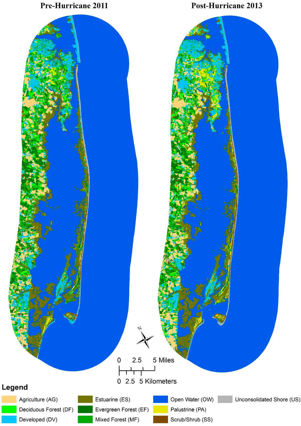 For this study, data from two Landsat satellites were used. The pre-Hurricane Sandy imagery was collected by the Landsat 5 Thematic Mapper (TM) sensor while the post-Hurricane Sandy imagery was collected by the Landsat 8 OLI sensor. Hurricane Sandy struck the east coast in October 2012, almost a year after Landsat 5 was decommissioned (November 2011). While Landsat 7 was functional during the time of the hurricane, the failure in the scan line corrector made the data unusable for this study.
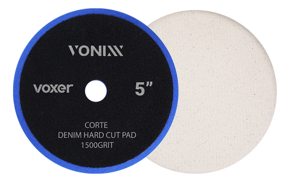 La boina jeans de corte blanco Voxer está recomendada para la primera etapa del pulido automotriz. Utilizado en la etapa de corte en conjunto con pulidoras roto-orbitales y rotativas, es capaz de eliminar cáscaras de naranja y defectos profundos correspondientes a una lija de grano 1500.
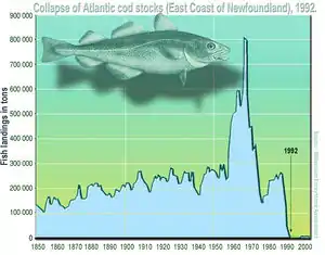 Ces caractéristiques expliquent pourquoi la morue est une espèce vulnérable[26] dont la surexploitation a duré jusqu'à la quasi-disparition de la population. Les pêcheurs ont exploité cette manne pendant 450 ans sans provoquer de surpêche : les limites des techniques traditionnelles, notamment à base de palangres ou de filets maillants de petite taille, permettaient de maintenir un réservoir important de vieux géniteurs capables d'assurer une bonne reproduction. Les techniques de pêche au chalut introduites à la fin des années 1950 ont brisé l'équilibre en permettant de capturer massivement les géniteurs vivant dans des zones plus profondes et au large[27], aboutissant rapidement à une réduction de la biomasse de géniteurs et surtout de leur taille. Pour autant la chute de la biomasse n'a pas dégradé de façon proportionnelle le rendement de la pêche, ce qui a entretenu l'illusion sur l'état du stock. En réalité la population faussement régénérée des années 1980 n'était constituée que de jeunes poissons qui sont de moins bons reproducteurs. La population avait perdu sa capacité à compenser la mortalité liée à la pêche. La gestion mise en place au début des années 1980 visant à reproduire le rendement de la pêche traditionnelle, autour de 250 000 t par an dans la zone principale 2J3KL, fut un échec total. Ces TAC, logiques à l'époque, étaient en réalité largement surévalués car la structure de la population de morue ne permettait plus le rendement qu'elle avait pourtant assuré pendant plusieurs siècles sans montrer de signes d'effondrement.
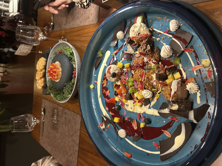 A large, blue plate showcases a dessert arrangement featuring ice cream scoops, chocolate pieces, fruit slices, crushed nuts, and dollops of whipped cream, accented with red petals and streaks of sauce. A separate dish holds a dark, circular cake surrounded by green foliage and adorned with red berries. To the side, small crackers sit on a black plate. Two wine glasses and silverware are placed on brown placemats.
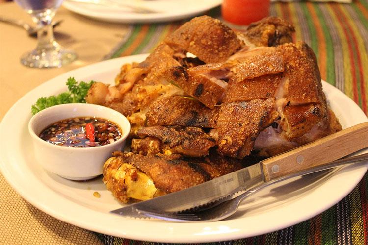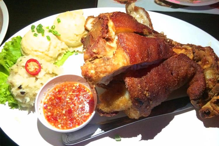 ៣-ជើងជ្រូក រៀបដាក់ចូលឆ្នាំង សម្រាប់ស្ងោរ ចាក់ទឹកចូលល្មមលិច រួចបង់ មើមខ្ទឹម ម្រេច និងឫសជីរវ៉ាន់ស៊ុយ ដែលបុកហើយ ចូល។ ថែមអុបឆឺយ ប៉ូចកាក់ ទឹកស៊ីអ៊ីវ និងទឹកម្ទេស ហើយរំងាស់ប្រមាណ២ម៉ោង ។ បើរីងទឹក ថែមទឹកចូលទៀត រំងាស់រហូតជើងជ្រូកផុយ សឹមស្រង់ឡើងទុកឲ្យស្ងួត ។៤-ដាក់ខ្ទះលើភ្លើងឲ្យក្ដៅ ហើយចាក់ប្រេងឆាចូល ។ បន្ទាប់មកដាក់ជើងជ្រូក នោះចូលបំពងឲ្យស្រួយ ដោយប្រើរយៈពេលប្រមាណ ១៥ ទៅ ២០នាទី សឹមដួសឡើងទុកឲ្យស្រស់ប្រេង ។៥-រៀបជើងជ្រូកបំពង ដាក់ចាន និងបន្លែ ទឹកត្រីបុក ញ៉ាំជាមួយបាយក្ដៅៗ ពិតជាឆ្ងាញ់ជាប់មាត់៕
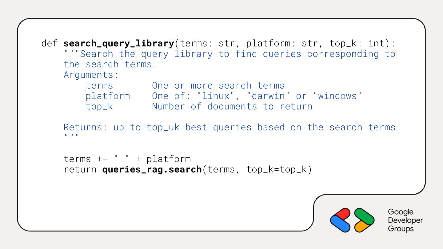 library to find queries corresponding to the search terms. Arguments: terms One or more search terms platform One of: "linux", "darwin" or "windows" top_k Number of documents to return Returns: up to top_uk best queries based on the search terms """ terms += " " + platform return queries_rag.search(terms, top_k=top_k)
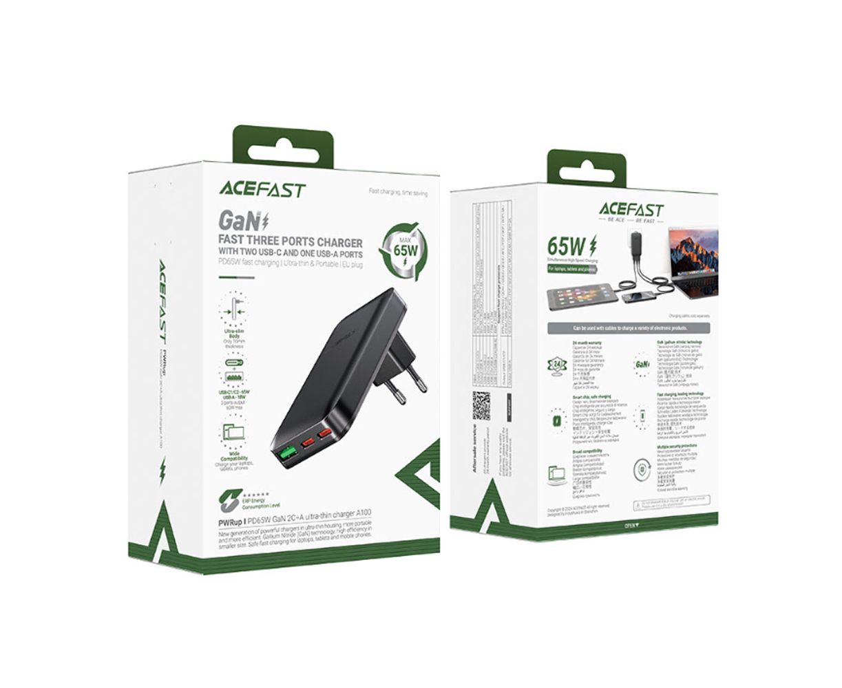 СЗУ ACEFAST A100 PD65 W Gan 2 USBC/1 USB-A Ultra-Thin Charger EU Black

========

What you have to do>
Omit the pictures and please write out exactly the lines between the one containing "library to find" and the last line of the entries, both included.

Solved exercise>
 library to find queries corresponding to the search terms. Arguments: terms One or more search terms platform One of: "linux", "darwin" or "windows" top_k Number of documents to return Returns: up to top_uk best queries based on the search terms """ terms += " " + platform return queries_rag.search(terms, top_k=top_k)
 СЗУ ACEFAST A100 PD65 W Gan 2 USBC/1 USB-A Ultra-Thin Charger EU Black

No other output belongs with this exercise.